**What the task requires:** Set down, exactly and with nothing added, the lines running from the one that holds "New Women Sexytwo" to the final line of the records. Pictures stay out of the copy.

**Exercise material:**
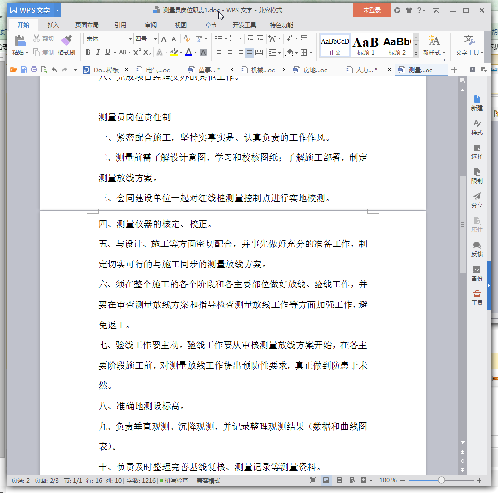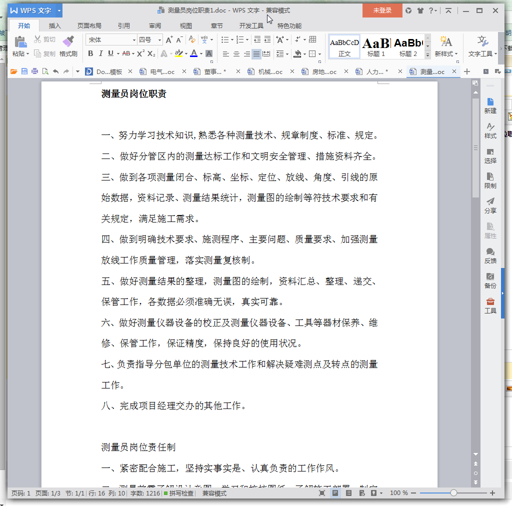 测量员岗位责任制
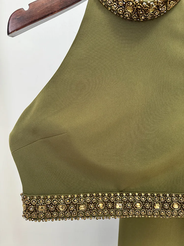New Women Sexytwo Piece Set Beading Tank Tops High Split Bodycon Long Skirts Elegant Evening Party Birthday Dress Vestido
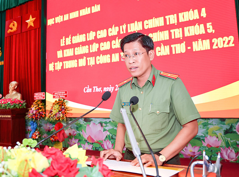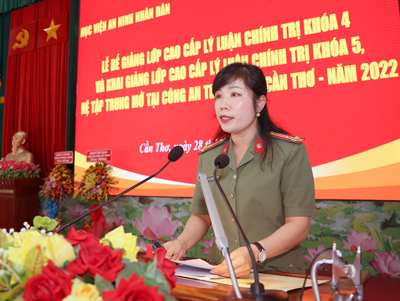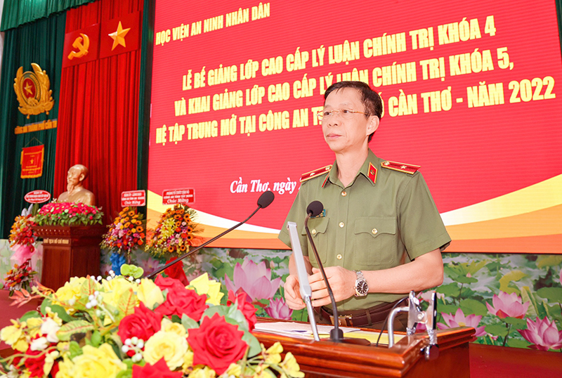 Thay mặt Đảng ủy, Ban Giám đốc Học viện, Thiếu tướng, TS Trần Kim Hải - Phó Giám đốc Học viện chúc mừng các học viên lớp đào tạo Cao cấp LLCT trị hệ tập trung Khóa 4. Sau thời gian 08 tháng học tập, lớp Cao cấp LLCT Khóa 4 hệ tập trung mở tại CATP Cần Thơ đã hoàn thành chương trình đào tạo. Trong quá trình đào tạo, học viên được trang bị kiến thức của 19 môn học và chương trình ngoại khóa. Bên cạnh nghiên cứu, học tập các chuyên đề theo khung chương trình đào tạo Cao cấp LLCT của Học viện Chính trị Quốc gia Hồ Chí Minh, học viên còn được trang bị bổ sung các chuyên đề đặc thù của lực lượng Công an. Khoá học diễn ra trong bối cảnh tình hình dịch bệnh Covid-19 diễn biến phức tạp, tuy nhiên với sự cố gắng, nỗ lực, Ban tổ chức Khóa học và các học viên đã khắc phục khó khăn để hoàn thành xuất sắc nhiệm vụ.
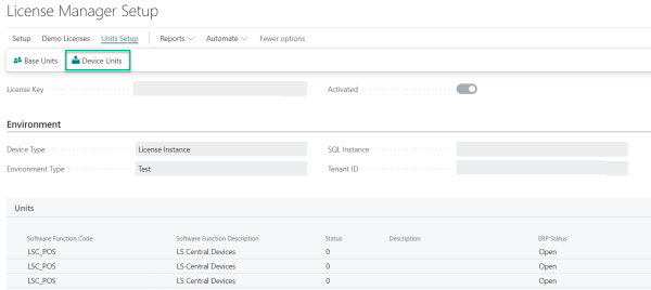 Note: The number of LS Device Units available to be activated depends on the total number of LS Device Units purchased minus the total number of LS Device Units already activated by other instances.
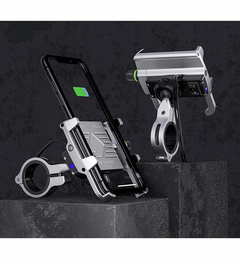 Мотоциклетный держатель eXtremestyle R10 с зарядным устройством для телефона, серебристый металл
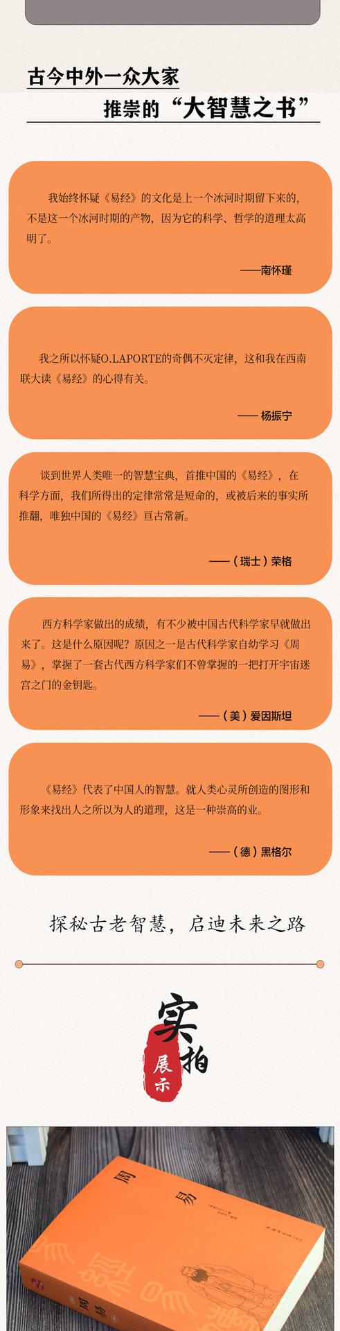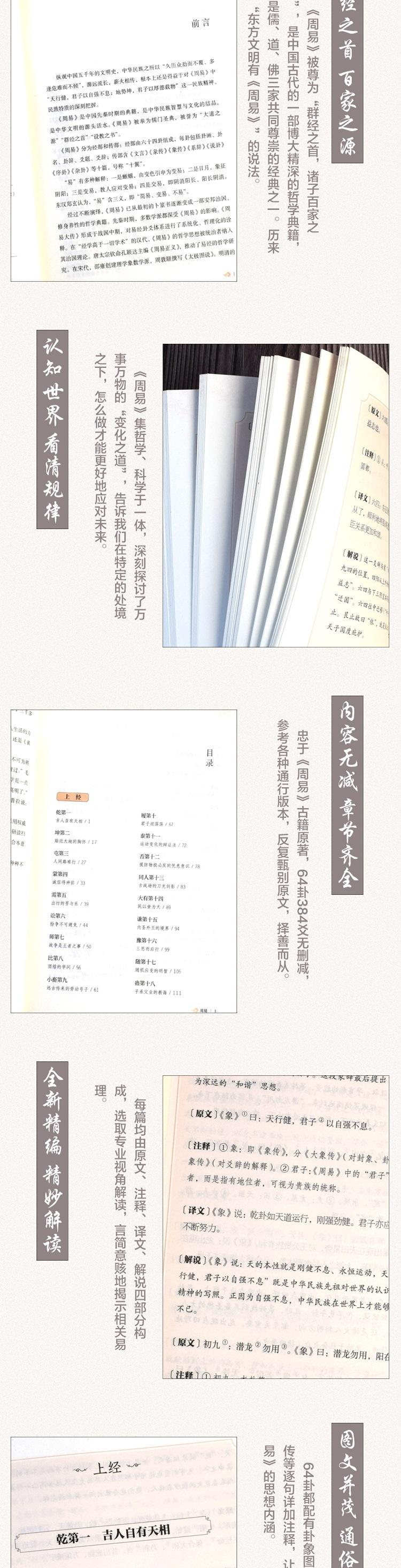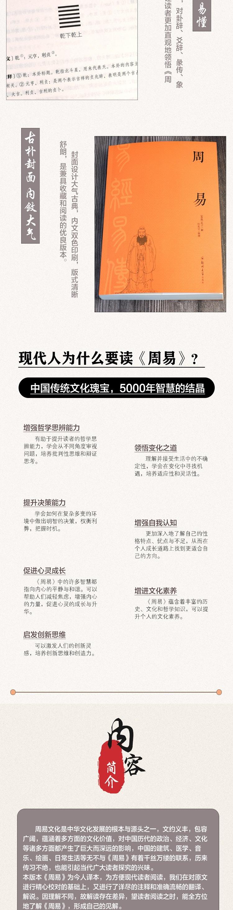 Esta versión del Zhouyi es una traducción moderna. Para facilitar a los lectores modernos, hemos revisado cuidadosamente el texto original y proporcionado anotaciones detalladas, traducción y explicación precisas y fluidas. Debido a diferentes entendimientos, existen diferencias en la interpretación. Esperamos que los lectores puedan comprender plenamente el Zhouyi y formar sus propias opiniones al leerlo.
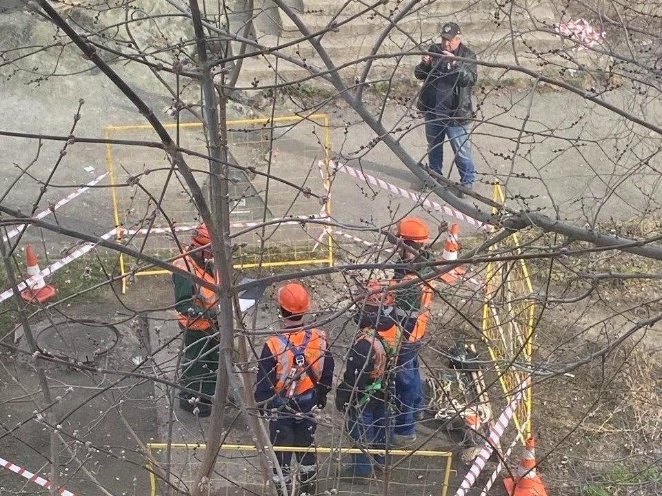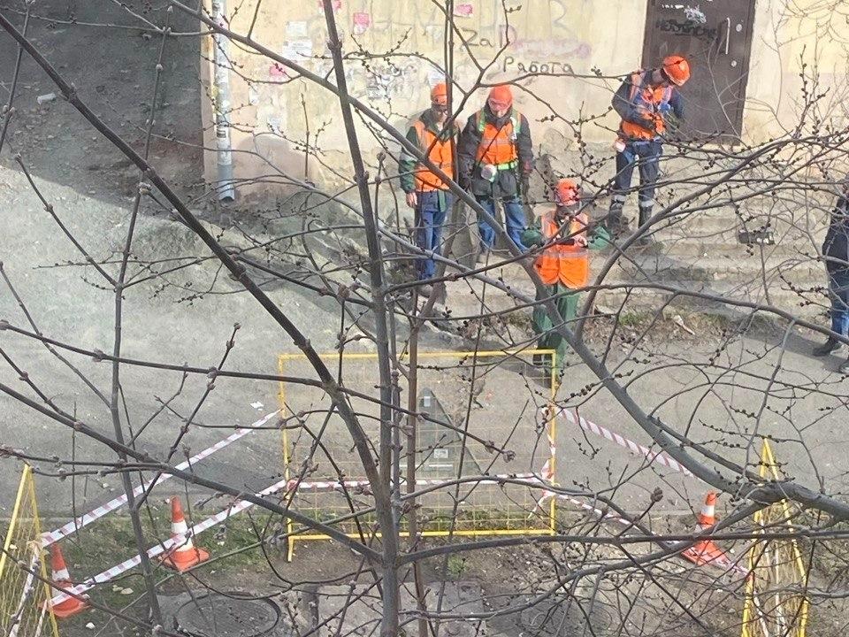Прибывшая бригада рабочих в новой форме расставила ограждения, но вместо осмотра или ремонта труб устроила фотосессию.

**Reply:**
New Women Sexytwo Piece Set Beading Tank Tops High Split Bodycon Long Skirts Elegant Evening Party Birthday Dress Vestido
 Thay mặt Đảng ủy, Ban Giám đốc Học viện, Thiếu tướng, TS Trần Kim Hải - Phó Giám đốc Học viện chúc mừng các học viên lớp đào tạo Cao cấp LLCT trị hệ tập trung Khóa 4. Sau thời gian 08 tháng học tập, lớp Cao cấp LLCT Khóa 4 hệ tập trung mở tại CATP Cần Thơ đã hoàn thành chương trình đào tạo. Trong quá trình đào tạo, học viên được trang bị kiến thức của 19 môn học và chương trình ngoại khóa. Bên cạnh nghiên cứu, học tập các chuyên đề theo khung chương trình đào tạo Cao cấp LLCT của Học viện Chính trị Quốc gia Hồ Chí Minh, học viên còn được trang bị bổ sung các chuyên đề đặc thù của lực lượng Công an. Khoá học diễn ra trong bối cảnh tình hình dịch bệnh Covid-19 diễn biến phức tạp, tuy nhiên với sự cố gắng, nỗ lực, Ban tổ chức Khóa học và các học viên đã khắc phục khó khăn để hoàn thành xuất sắc nhiệm vụ.
 Note: The number of LS Device Units available to be activated depends on the total number of LS Device Units purchased minus the total number of LS Device Units already activated by other instances.
 Мотоциклетный держатель eXtremestyle R10 с зарядным устройством для телефона, серебристый металл
 Esta versión del Zhouyi es una traducción moderna. Para facilitar a los lectores modernos, hemos revisado cuidadosamente el texto original y proporcionado anotaciones detalladas, traducción y explicación precisas y fluidas. Debido a diferentes entendimientos, existen diferencias en la interpretación. Esperamos que los lectores puedan comprender plenamente el Zhouyi y formar sus propias opiniones al leerlo.
Прибывшая бригада рабочих в новой форме расставила ограждения, но вместо осмотра или ремонта труб устроила фотосессию.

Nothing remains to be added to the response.